Contenidos falsos en las redes

¿Buscan las redes limitar los perfiles falsos, los bots y los seguidores e interacciones falsas? Para Zuazo es relativo. “Las plataformas, Facebook/Instagram como Twitter tienes muchísimos más mecanismos ahora que antes. Pero en general son muchas las limitaciones que se hacen cuando ese tipo de contenido es un contenido coordinado y funcionando en momentos de campaña política o con objetivos políticos”, aseguró. Lo mismo pasa ahora por ejemplo con el coronavirus.

“Es algo muy concreto que nos pasa ahora: si querés pautar un contenido que diga Covid no te dejan, te lo rechazan, porque está automatizado el robot de Instagram y Facebook y todo lo relacionado está muy filtrado por el algoritmo. Esto es muy rápido, a diferencia de los reportes que se hacen personalmente, que analizan personas, y que tardan bastante más tiempo”, agregó Zuazo.

Desde Facebook Company, dueña de Instagram, respondieron a la consulta sobre medidas de autenticidad y qué hacen para evitar los me gusta, comentarios o seguidores falsos. “Es muy importante para nosotros que las interacciones que las personas tienen en Instagram sean genuinas, y estamos trabajando continuamente para mantener a nuestra comunidad libre de spam. No se permiten en la plataforma servicios que ofrecen aumentar la popularidad de una cuenta a través de me gustas, comentarios y seguidores que no sean auténticos. Cada día, miles de cuentas falsas, no auténticas o automatizadas son detectadas y bloqueadas en Instagram”, explicó un vocero de la compañía.
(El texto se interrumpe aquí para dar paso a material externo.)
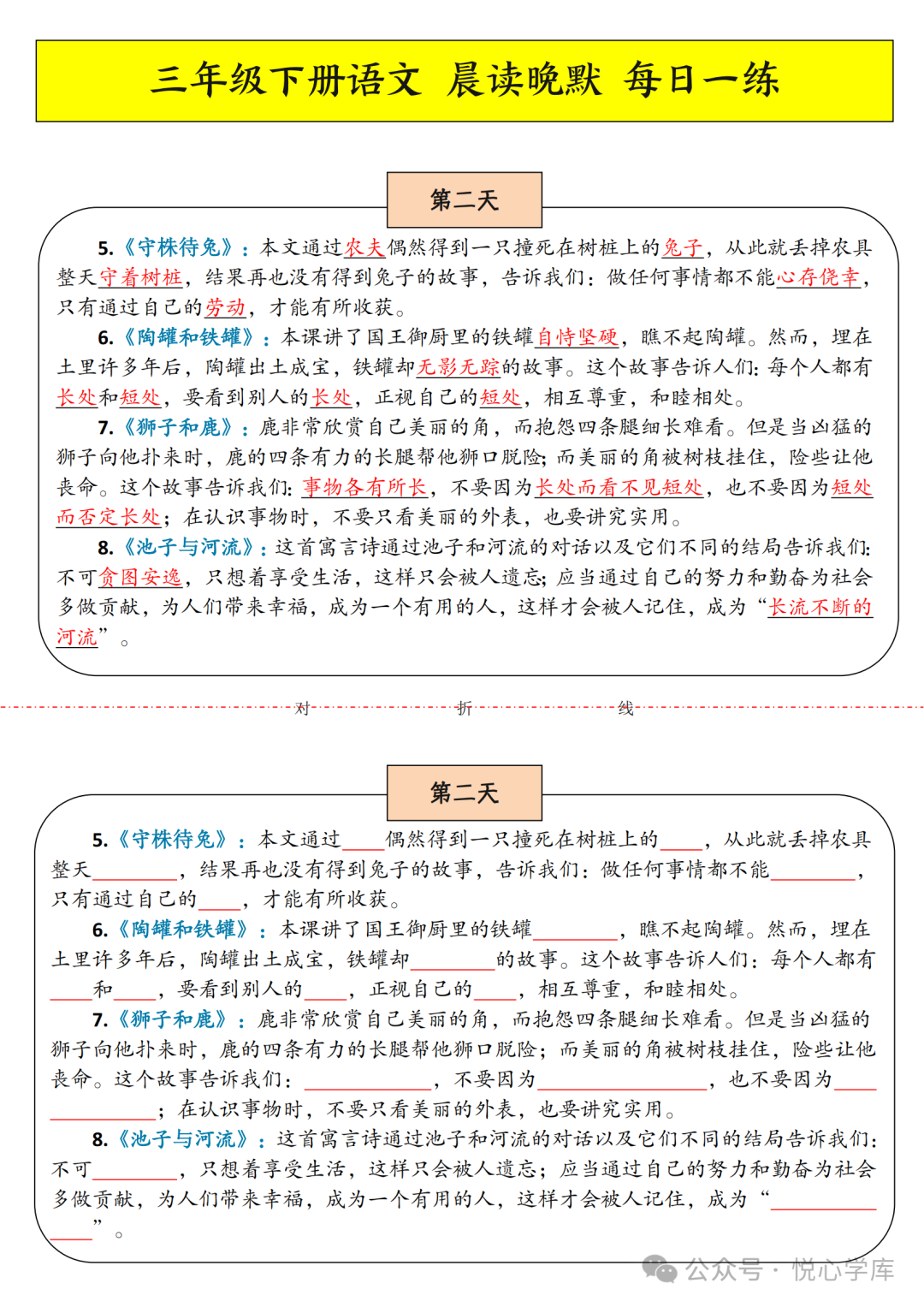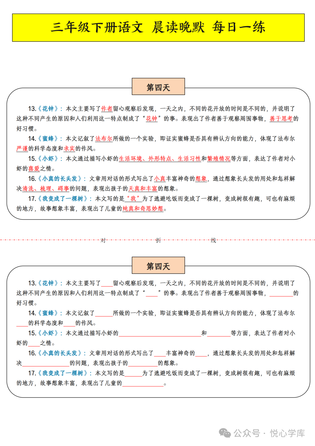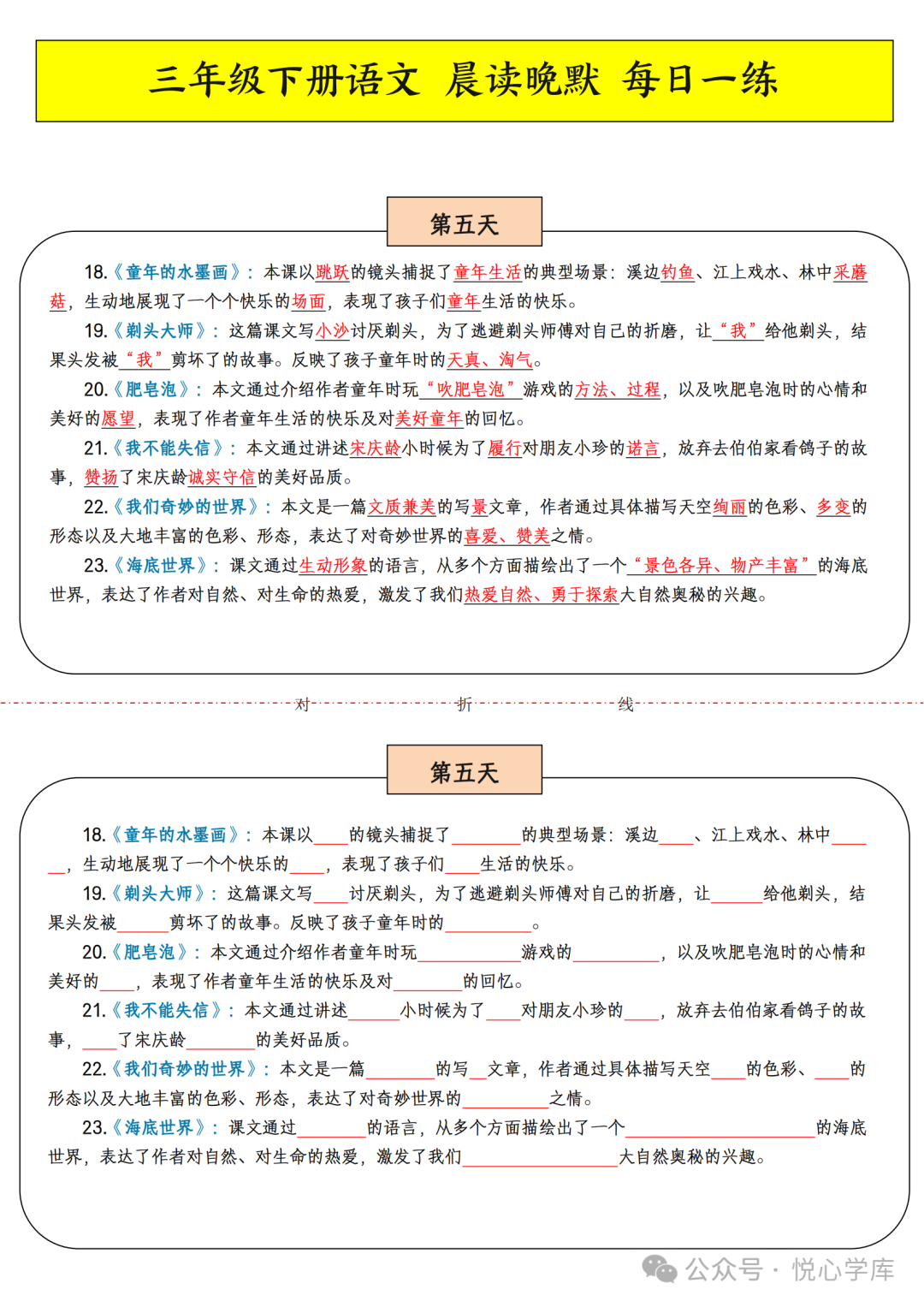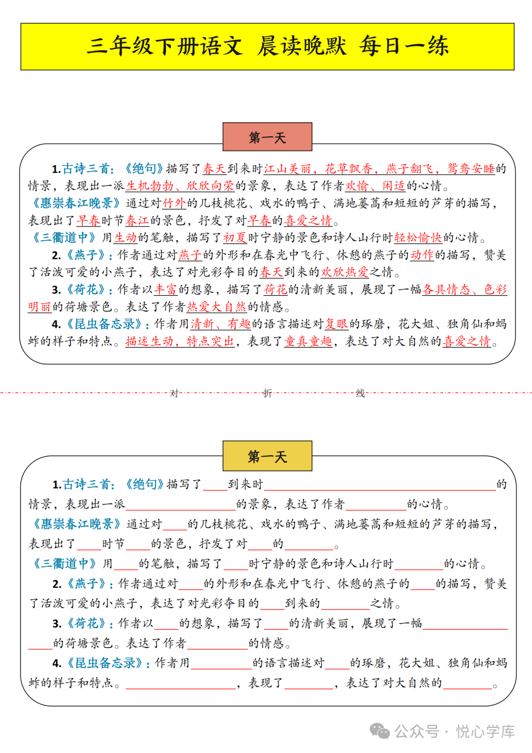 三年级下册语文晨读晚默
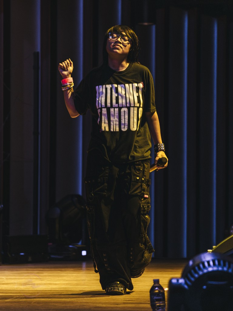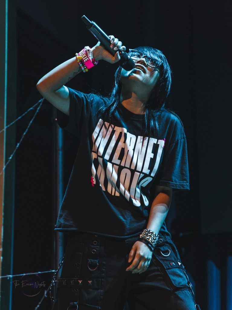 Before the main event of the evening, electronic artist Suicidal -Idol took the stage to get the crowd hyped. Taking musical influences from the rave and scene genres of the early 2000’s but with a modern twist, it was hard to not dance along as she bounced around on stage song after song. Capping off the end of her set with her Tiktok viral hit ‘ecstacy’, her bubbly personality was infectious to say the least as she jumped along with the crowd one last time.
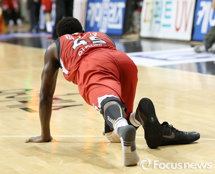 (안양=포커스뉴스) 13일 안양실내체육관에서 열린 2015-2016 프로농구 KGC-KCC 경기에서 KGC 마리오 리틀이 경기 도중 왼발에 쥐가나자 신발을 벗고 발바닥을 펴고 있다.
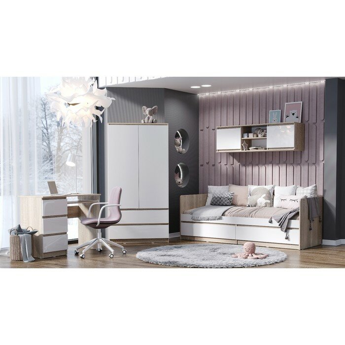 Шкаф 2-х дверный Миф Челси, 2 ящика, белый глянец / дуб сонома 90.2х51.4х179.6 см
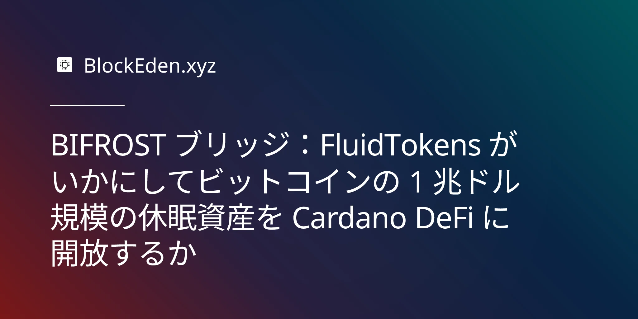 BIFROST ブリッジ:FluidTokens がいかにしてビットコインの 1 兆ドル規模の休眠資産を Cardano DeFi に開放するか
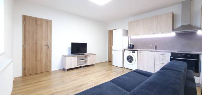 Vybavenie bytu: • kuchynská linka so spotrebičmi: elektrická rúra, varná doska, mikrovlnná rúra, rýchlovarná kanvica, automatická práčka, chladnička s mrazničkou, • jedálenský stôl so stoličkami, • obývacia časť s rozkladacím gaučom, šatníkovou skriňou, komodou a TV, • chodba s vešiakovou stenou, • murovaná kúpeľňa so sprchovým kútom a WC, • komora s úložným priestorom na potraviny, • bezpečnostné vstupné dvere.
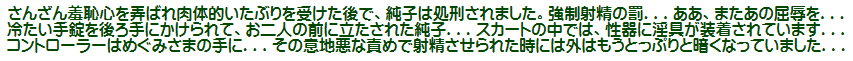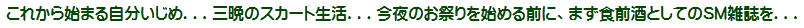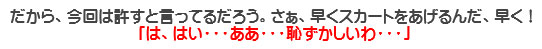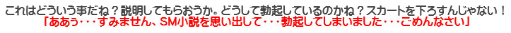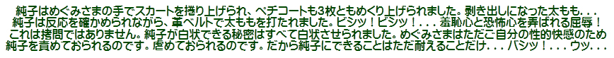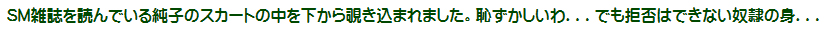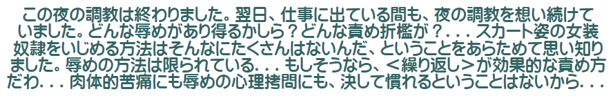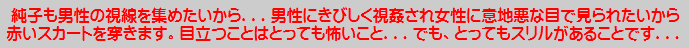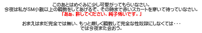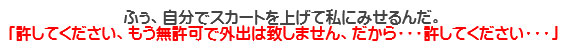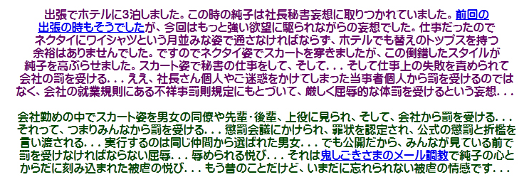 | 5月下旬から始まりそうな純子のスカート生活...断続的に2ヶ月くらい続きそうです。どんなふうに純子をいじめようかな。。。どんな拷問があるでしょう?純子を辱めるために... |
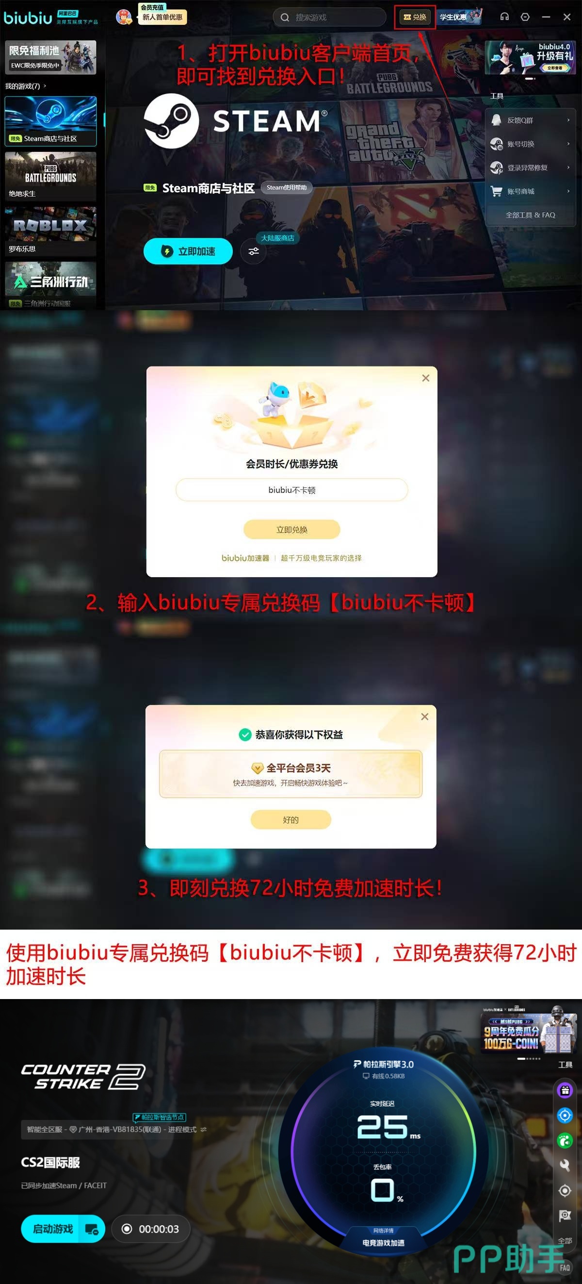 当前新用户完成注册登录,即可领取24小时免费加速时长;输入专属兑换码【biubiu不卡顿】,新老用户均可额外获得72小时加速权益。叠加后新用户总计可享96小时无门槛体验,全程零费用验证加速效果。
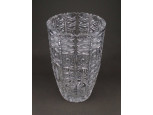Hibátlan állapotú, vastagfalú, csiszolatokkal díszített, különleges formájú, csiszolt üveg váza, díszváza, kaspó, asztalközép.
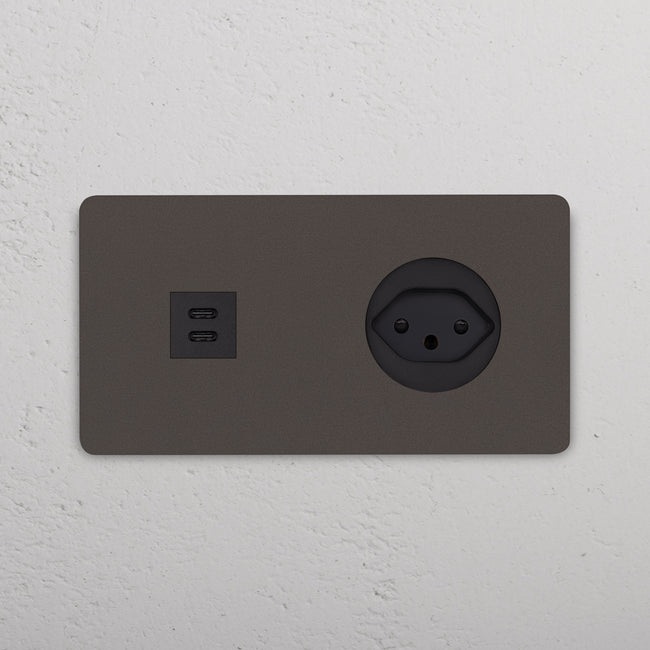 Questa presa mista doppia combina una presa USB-C e una presa svizzera su un’unica placca.
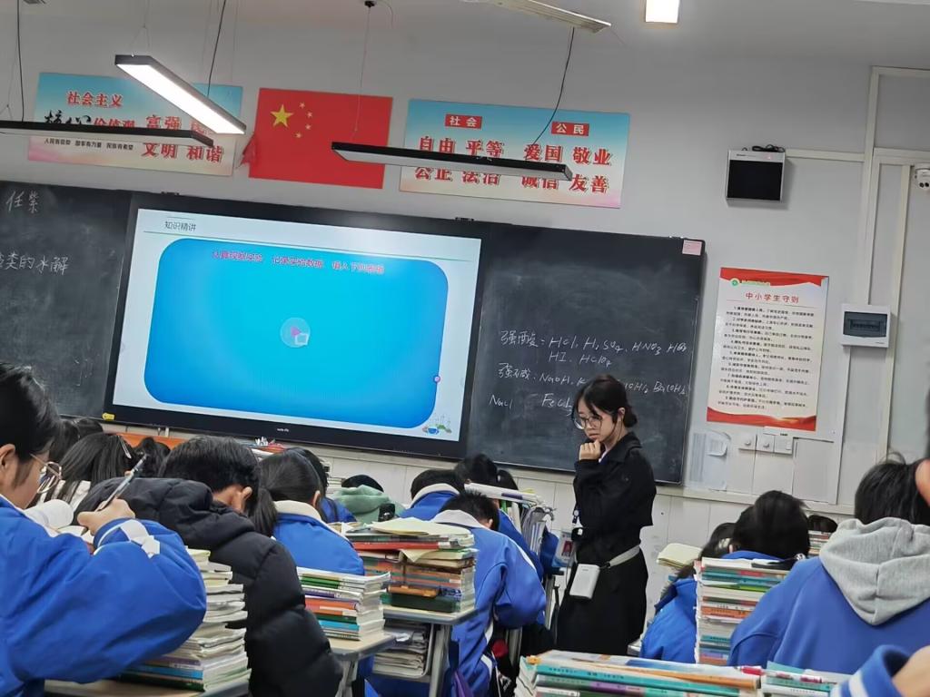 在教学实习现场,实习教师们展现出了高度的专业热情和扎实的教学技能。他们在课堂上的表现自然流畅,能够灵活运用教学方法引导学生思考,有效地促进了学生的参与和互动。在观摩课堂、作业批改等常规教学活动中,实习生们展现了细致入微的观察力和严谨的工作态度,对学生作业的批改既严格又富有启发性。
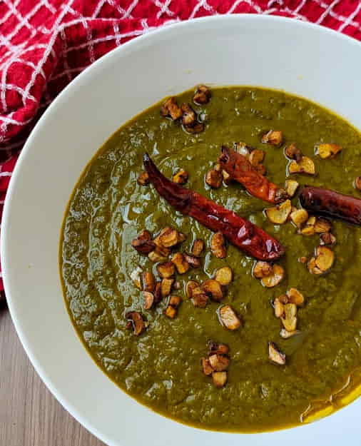 Fresh spinach leaves cooked with cumin seeds, ginger & garlic.

Aunque muchos buscan soluciones de parte de estos gigantes tecnológicos, para Zuazo, las redes sociales, “no pueden ser las únicas que delimiten lo que se dice o las que regulen los contenidos”.

“Lo que proponemos muchos especialistas, me incluyo, es que no sean solamente las empresas tecnológicas sino un conjunto de actores de la sociedad, que no necesariamente tienen que ser los gobiernos, sino todo tipo de grupos que tengan vínculos con estos temas, como por ejemplo personas con discapacidades, del colectivo LGTBIQ, academia y distintas personas que puedan establecer parámetros para una regulación democrática y que sean parámetros basados en estándares de derechos humanos que conoce toda la comunidad”, concluyó la especialista.